Antler tissue is the fastest normal growing tissue known to man. Considering that most antlers begin developing in late March and early April in most parts of the country and are finished growing by mid-August, that means that a 170-inch Boone & Crockett whitetail will grow more than an inch of bone every day.
During April, the first month of antler growth, the antlers grow very little, usually only a few inches. In May the days continue to lengthen and antler growth accelerates, with most of that growth occurring during June and July. Which means that at this time of year, you can practically watch a rack growing larger before your eyes!
How does antler growth happen?
Pedicles are the two circular areas on a buck’s skull. The pedicles begin developing on buck fawns while still in the womb. The pedicles finish developing after the buck fawn is born. These pedicles serve as foundations for that buck’s future antlers.
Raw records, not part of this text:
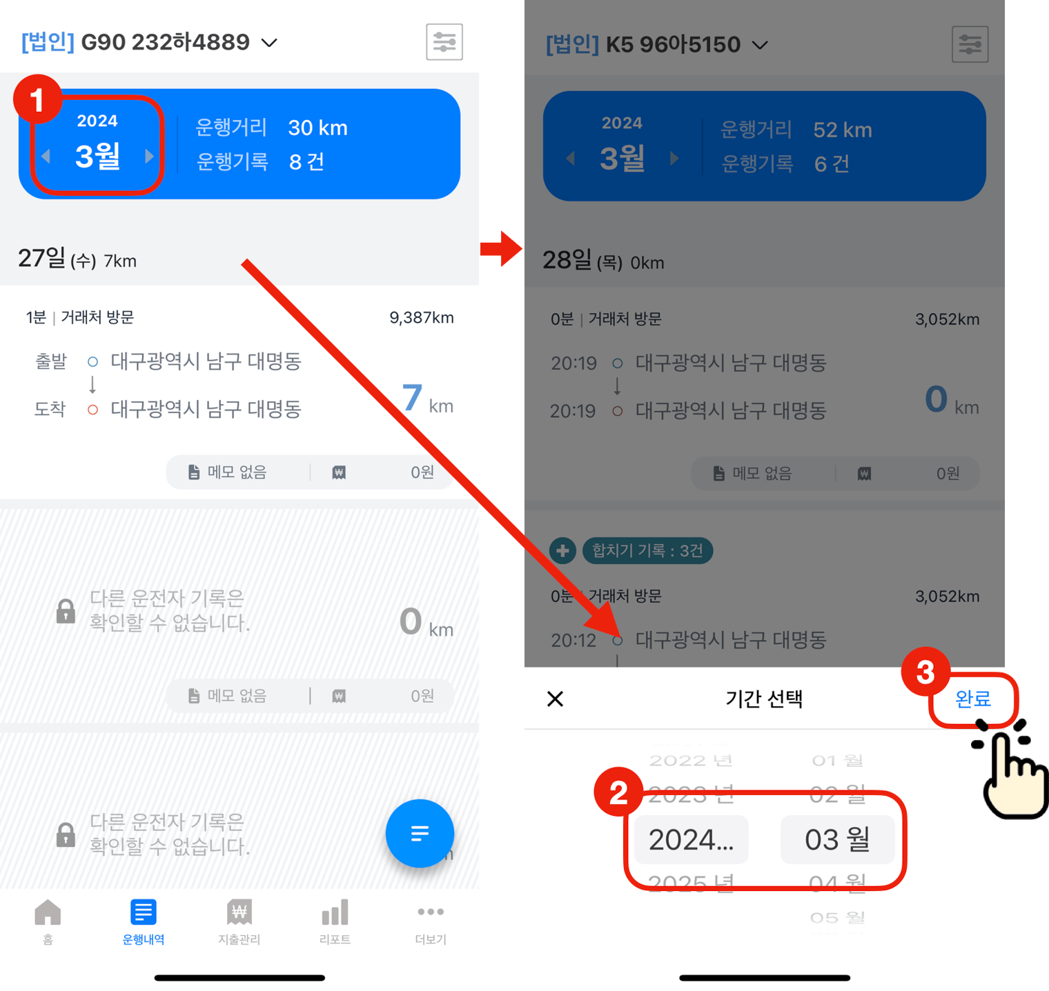 2. 확인이 필요한 '운행목적' 종류로 변경합니다.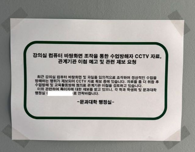 논란이 확산되자 학교 차원에서 조처에 나섰다. 문과대 행정실은 최근 “강의실 컴퓨터 바탕화면 및 파일을 임의로 조작해 정상적인 수업을 방해하는 행위가 제보돼 폐쇄회로(CC)TV 자료를 확보 중”이라며 “자료를 취합해 수업방해 및 교육활동방해 혐의로 관계기관 이첩을 검토하고 있다”는 안내문을 부착했다. 안내문 부착 이후에는 유사한 사례가 더 이상 발생하지 않은 것으로 확인됐다.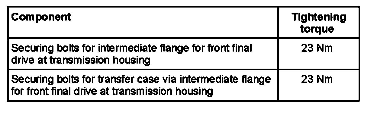 Securing bolts for transfer case via intermediate flange for front final drive at transmission housing 23 Nm

I once read an interesting fact regarding pedicles. In the Whitetail Report 2010, published by the Quality Deer Management Association, it’s stated that “transplanting material from a buck’s pedicle to other skeletal regions results in growth of antler tissue in the transplanted area.”
Translation: If you transplanted a piece of pedicle onto a mouse’s forehead, that mouse would soon start growing an antler. Kind of a neat idea, I think.
Antlers begin growing as a result of lengthening days, or photoperiodism. Longer days increase the whitetail’s urge to feed, thus promoting growth. As antlers begin to emerge from the whitetail’s pedicles, they’re covered with velvet, which is a hairy skin containing a network of blood vessels. The blood vessels nourish the growing bone. The blood in the velvet is what makes antlers appear dark brown, if not black, in summer.
How much or how fast antlers grow is dependent on two things, age and nutrition. Obviously, a mature buck 3 ½ years old living in prime habitat will experience accelerated antler growth. However, that same 3 ½ year old buck in poor habitat will grow a much smaller set of antlers.
Genetics also play a role, of course, but I’ve always believed (and many researchers agree) that genetics are the smallest part of the equation, simply because most areas of the country already have good genetics.
We see this even in Big Woods country. For decades it was thought that the mountains were home to nothing but spikes and fork-horns, but now that the herd has been balanced with the habitat, and many bucks are achieving old age, we’re finding that they can grow antlers every bit as large as any other part of the state.
It’s important to remember that antler growth is a secondary concern. Throughout spring and summer, most of the food consumed by whitetails will contribute to their physical development. Only after a deer’s physical needs are met will the surplus nutrients benefit antler growth. And only after a whitetail reaches full maturity and all of its nutritional needs are met will those existing genetics shine through.
What makes antler growth stop?
In late July or early August, bucks receive a natural boost in their testosterone levels. It’s nature’s way of alerting them to the coming fall breeding season. This spike in testosterone levels results in less blood flow to the antlers, which means that the antlers gradually stop growing. Typically, antlers stop growing approximately 30 days before the velvet is actually shed. During these 30 days, bucks use minerals from their skeleton to harden their antlers – in a sense, they undergo a temporary, self-induced osteoporosis, and then must feed heavily afterwards to regain the nutrients lost during the antler-hardening process.
Exactly when antlers stop growing is unknown, but it’s believed to occur no later than the second week of August, and usually a little sooner. So the bucks you see in August will be about the same size come archery season. Once again, photoperiodism is the key factor.
In spring, longer days and more sunlight spur whitetails to shed their winter coats and begin the growing process. In fall, shorter days and less sunlight cause whitetails to shed their summer coats – and velvet. In late August, many bucks begin shedding their velvet. By mid-September, almost all of the bucks will have done likewise.
It’s also common for bucks to eat the nutrient-rich velvet after it’s off their antlers, which helps them replenish nutrients in their skeletons. The whole shedding process, even for bucks with large antlers, usually lasts only a few minutes.